Cathe STS Total Body - Thoughts


STS Total Body is phase 4 in Cathe's Shock Training System which is a system about building strength, muscular endurance, and muscle definition. Where the other phases in the system work the various muscle groups across three (or four if you are counting abs) different workouts, STS Total Body aims to work the entire body in one workout.
The main part of the workout clocks in at 66 minutes long. It features a warm up, a series of trisets, an abdominal section, and a stretch.

The warm up uses a barbell to warm the muscles. I forgot about this. I don't like warming up this way - starting off with weight right away. Cathe does caution that the barbell should be light in weight. During the warm up you are doing dead lifts, barbell rows, squats, lunges, shoulder press, upright rows, and some bicep curls. The reps are maybe around 8 to 10.

The main part of the workout features tri-sets done for two sets each. A tri-set is when you do three exercises back to back before you rest. The first set, you do the exercises for 16 reps. The second set is only for 12 reps. I am thinking you are getting about a 30 second rest in between the sets but I am not for sure.

I think a nice feature would have been to add a clock counting down the rest period as was done in the other phases of the workout.

However, with that said, the workout does move at a nice steady pace. There is no rushing, just very methodical.

The main part of the workout seems to lean towards working the legs. There are three tri-sets for the legs. Shoulders has its own tri-set, but back and biceps are combine in one tri-set and chest and triceps in another. Frankly, I would have like to see more exercises for the triceps and biceps.

Now, Cathe does include extra upper body chapter points outside the main workout as add-ons but there is not a bicep chapter point. Triceps are once again work with chest in the form of dips. I would have like to see a different exercise here and in the future may swap the dip exercise with another triceps exercise.

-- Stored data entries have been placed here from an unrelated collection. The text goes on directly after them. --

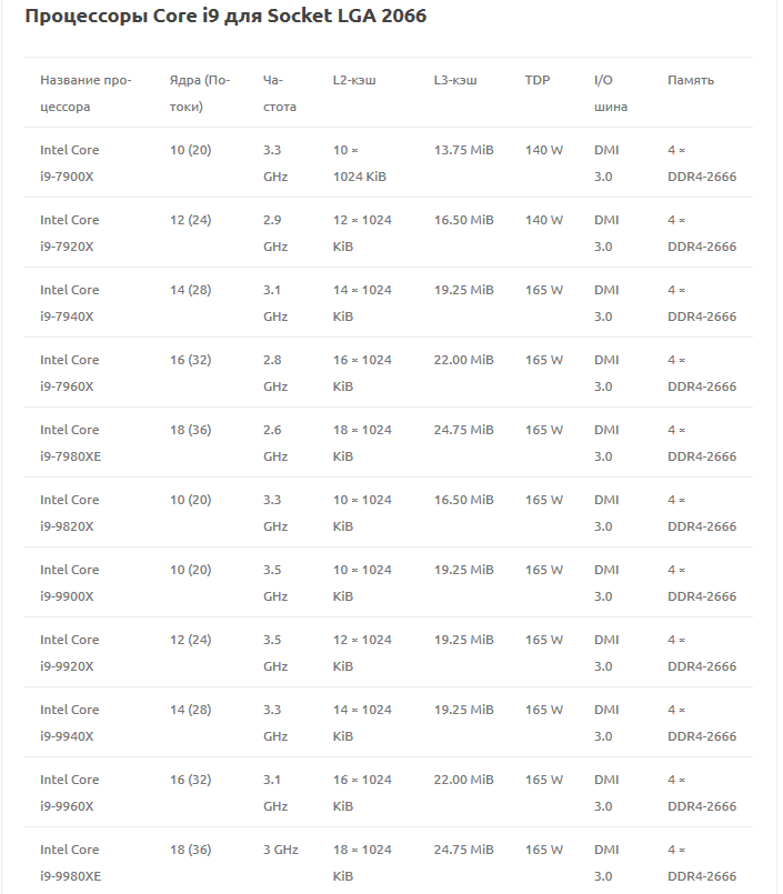 Эта же таблица (Процессоры Core i9 для Socket LGA 2066) в виде картинки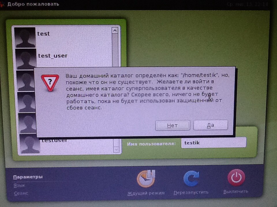 Попробуйте вручную создать в каталоге home своего пользователя, если его нет. Включите просмотр скрытых файлов и каталогов в файловом менеджере, скопируйте содержимое /etc/skel/ в /home/testic/ или как там он у Вас называется... | ||
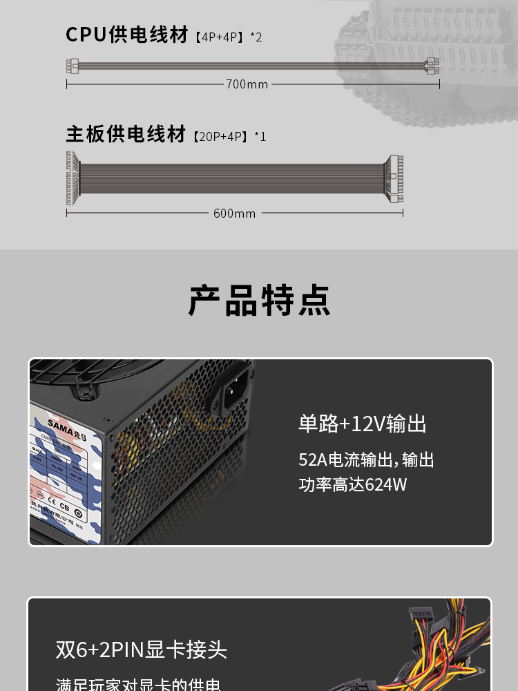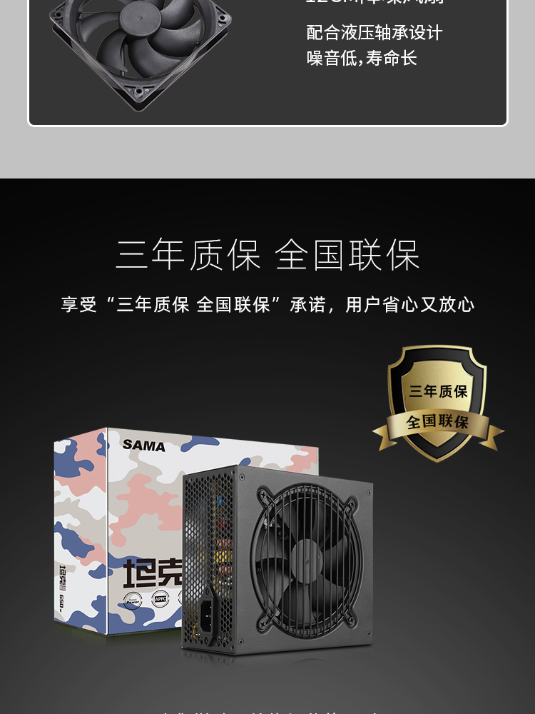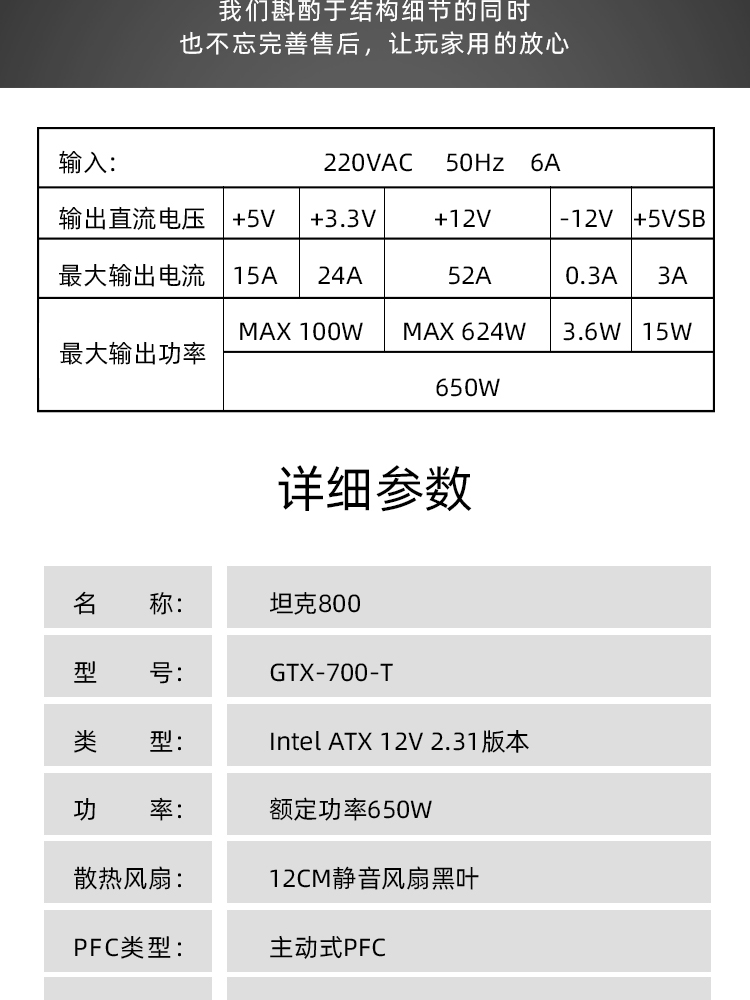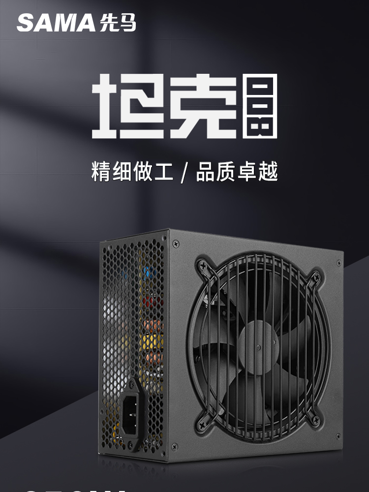 先馬SAMA 坦克800高級游戲電源(額定650W,+12V輸出,主動PFC,12CM靜音風扇)額定功率不虛標,+12V輸出很強勁,6+2Pin暢爽競技,12CM散熱風扇清爽自在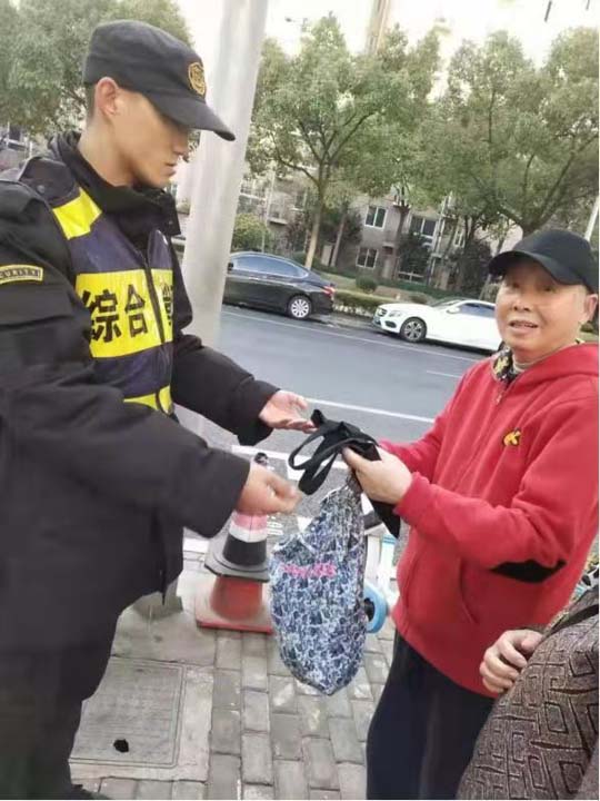 12月5日,宗保公司駐三林市容項(xiàng)目隊(duì)員李三沅撿到包歸還失主,受到好評(píng)。

The core section features seven different ab and back exercise. A couple of the exercises use a band and a light dumbbell.

This DVD has a great set of premixes. In fact there are 8.

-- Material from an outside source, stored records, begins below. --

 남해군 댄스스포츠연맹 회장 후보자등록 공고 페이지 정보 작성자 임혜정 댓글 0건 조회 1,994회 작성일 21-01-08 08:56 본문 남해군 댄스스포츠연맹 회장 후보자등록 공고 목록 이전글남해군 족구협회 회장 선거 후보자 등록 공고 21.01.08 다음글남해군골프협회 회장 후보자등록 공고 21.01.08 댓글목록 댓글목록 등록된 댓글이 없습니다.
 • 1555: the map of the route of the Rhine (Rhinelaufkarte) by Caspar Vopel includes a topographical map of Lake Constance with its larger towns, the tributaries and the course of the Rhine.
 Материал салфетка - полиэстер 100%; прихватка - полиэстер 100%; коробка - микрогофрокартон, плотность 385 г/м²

1. Timesaver: Compound Only Exercises ......about 54 minutes
2. Lower Body Only....about 23 minutes
3. Upper Body Only....about 24 minutes
4. Timesaver: No Bonus Burn.......61 minutes
5. Timesaver: No Bonus Burn + No Abs..... about 52 minutes
6. Timesaver: No Abs...... about58 minutes
7. Timesaver: Compound Only + No abs....about 45 minutes
8. Timesaver: Single Sets....about 46 minutes

I really like keeping my workouts under an hour, so next time I do this workout, I will do one of the Timesaver options.

The music is okay. Mostly background. At times Cathe is moving to the beat of the music and at other times she ignores it.

I really like the backdrop that Cathe use for her set. It is suppose to be a as if you are looking out of a hotel at a beach in Hawaii. The set itself is a bit crowded with all the cast members and their equipment.

Speaking of the equipment, there is a lot but it is pretty stationary once you get it set up. I think the only real movement of the equipment is changing the position of the platform for the "one leg elevated lunges". I just use the topper to the high step for that exercise.

Equipment used - dumbbells, barbell, the Tower, gliding disc, band, club step with extra risers

3 1/2 stars

Comments

  1. I have this workout too but I haven't tried it yet. I'm working on completing STS 3, I'm surprising myself on how much I'm enjoying STS. Thanks for reviewing it. I wonder if Cathe will produce an STS total body 5 and 6 in the future or will she go back to working parts of the body.